Link to the PittsburghToday, the regional indicators project.

Link to the PittsburghToday blog.

Thursday, November 29, 2007

Renal Success

I first blogged about Renal Solutions, based in Warrendale, PA, more than three years ago. I wrote:
What we can do is look around for ways in which we can make the city and the region better, and we can celebrate ways in which others are doing the same.

Today's suggestion is from the business sector, courtesy of a friend: A company in Warrendale, PA called Renal Solutions, which could use a sexier name but which is apparently making some nice progress on the biotech front.

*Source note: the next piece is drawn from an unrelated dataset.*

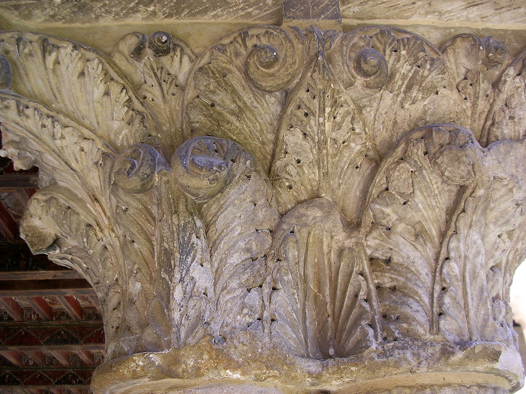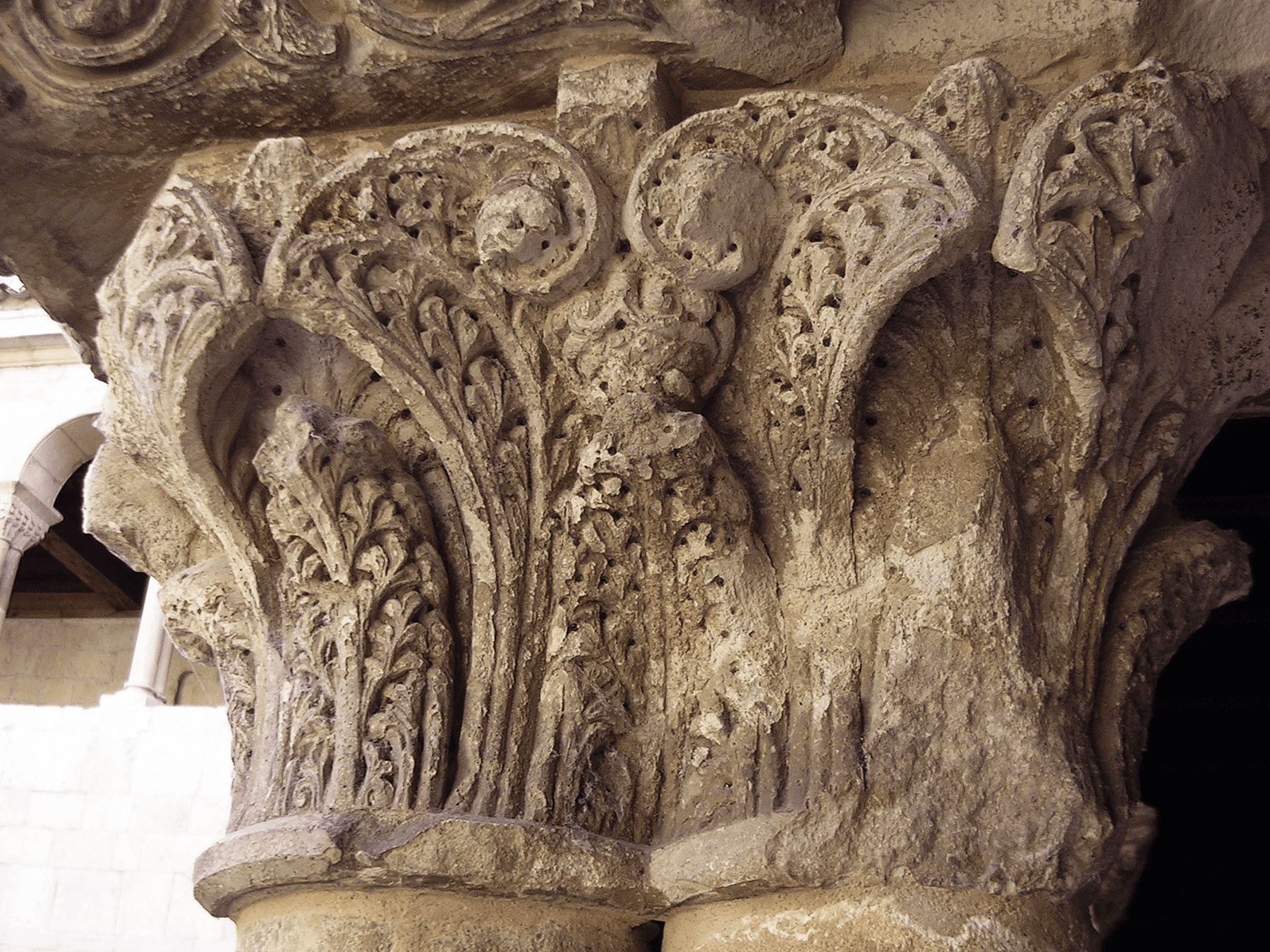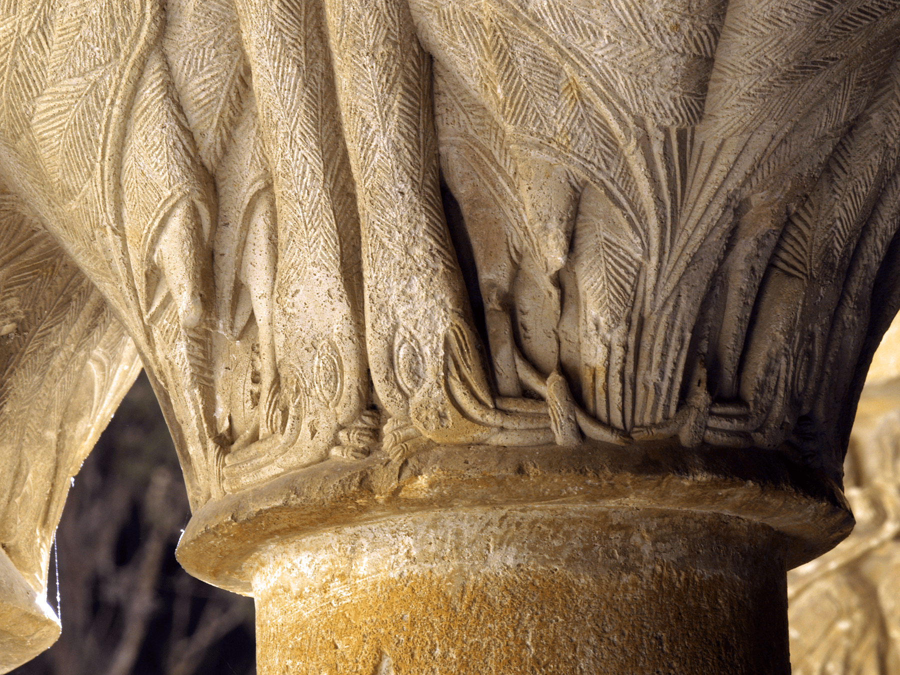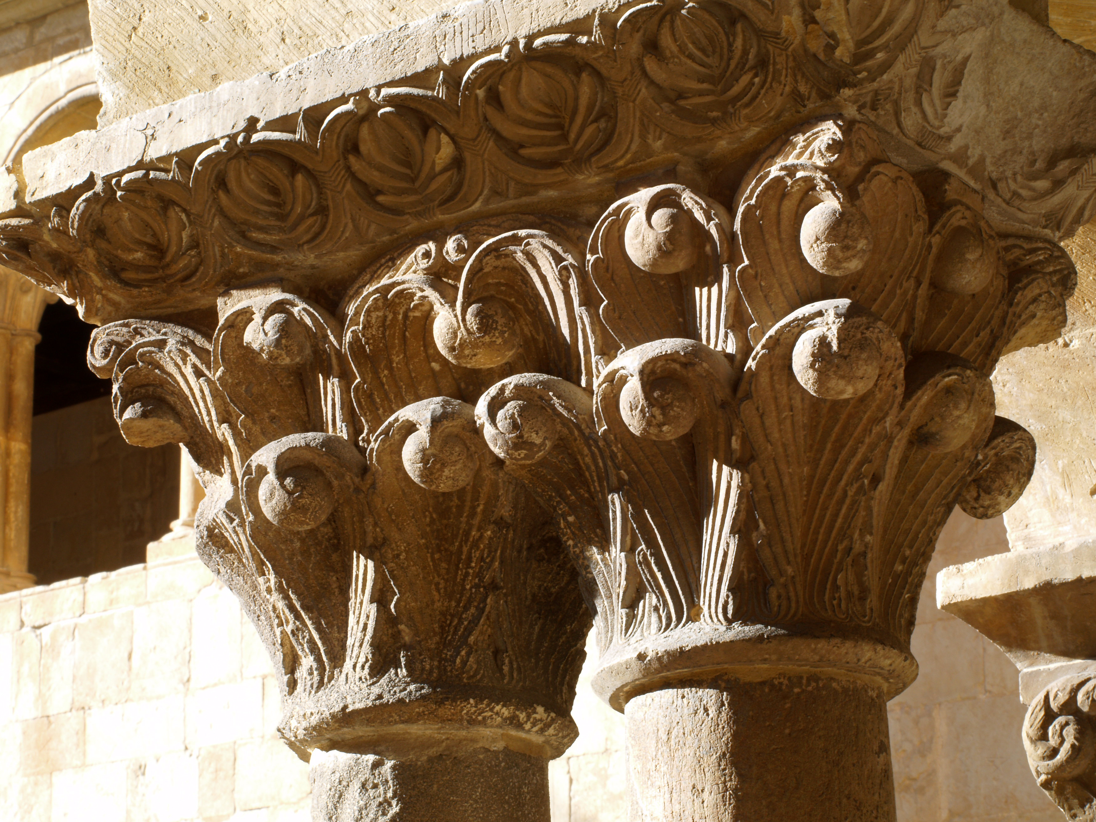 En el ala septentrional del claustro comienzan a surgir, con cierta reiteración, composiciones inspiradas en los antiguos capiteles corintios, formadas por hojas de acanto.

Today, Renal Solutions announced that it has been acquired. The acquiror, according to a press release on the company's site, is "Fresenius Medical Care AG & Co. KGaA. RSI will continue operations as a wholly owned subsidiary of Fresenius Medical Care, the largest integrated global provider of dialysis products and services. [RSI President and CEO] Peter DeComo will continue to lead RSI operations in Warrendale, PA and Oklahoma City, OK." The total purchase price is $190 million.

This is a great success story for the region. Congratulations to Peter and to RSI (and to Draper Triangle Ventures, the local venture firm that backed RSI).

Wednesday, November 28, 2007

Jobs in Pittsburgh

At a meeting earlier this week I heard that the Pittsburgh Tech Council is in the process of a website revamp. Great news! After meeting a Pgh newcomer on an airplane earlier this month (he's taken a job with Westinghouse and moving his family here from Connecticut), I went to the Tech Council site to see what kinds of jobs are listed. Answer: I don't know. To search, I have to create an account. That should be optional. [Updated 11/28: As Jim points out in the Comments, anyone can search, even without registering. My bad. Still, the fact that I made this mistake makes me wonder whether I'm alone, and whether improved site design would improve access to the resource.] If I were a student, I could search for internships without registering. That's good. When I look at the list of internships, I can click links to see the full-time jobs being offered by companies offering internships. So there's a back door into the full-time job listings, at least for some companies. But the current site is a muddle, and it projects the wrong impression -- that breaking into the Pittsburgh job market is tough.

That impression needs to change. Pittsburgh employers and regional service organizations need to make it easy to find jobs and apply for them. In fact, and contrary to the popular image of Pittsburgh as a dying city, there are new jobs in Pittsburgh -- lots of new jobs. Good jobs. Westinghouse is hiring. Allegheny Technologies/Allegheny Ludlum is hiring. Kennametal is hiring. (Yes, I know that the company is located in Latrobe.) US Steel is hiring. And those are only the companies that I know about from face-to-face conversations. If your company is looking to hire, feel free to add a link in the Comments.

But Pittsblog comments are no way to run a region. There must be a better way to get this word out. There's work to do in Pittsburgh. (Feel free to adopt this as a slogan, if you like it.)

The Tech Council can only be part of a solution. Flipdog, now part of monster.com, has a Pittsburgh jobs board. And I only spent 15 minutes this morning looking around the web. Thoughts?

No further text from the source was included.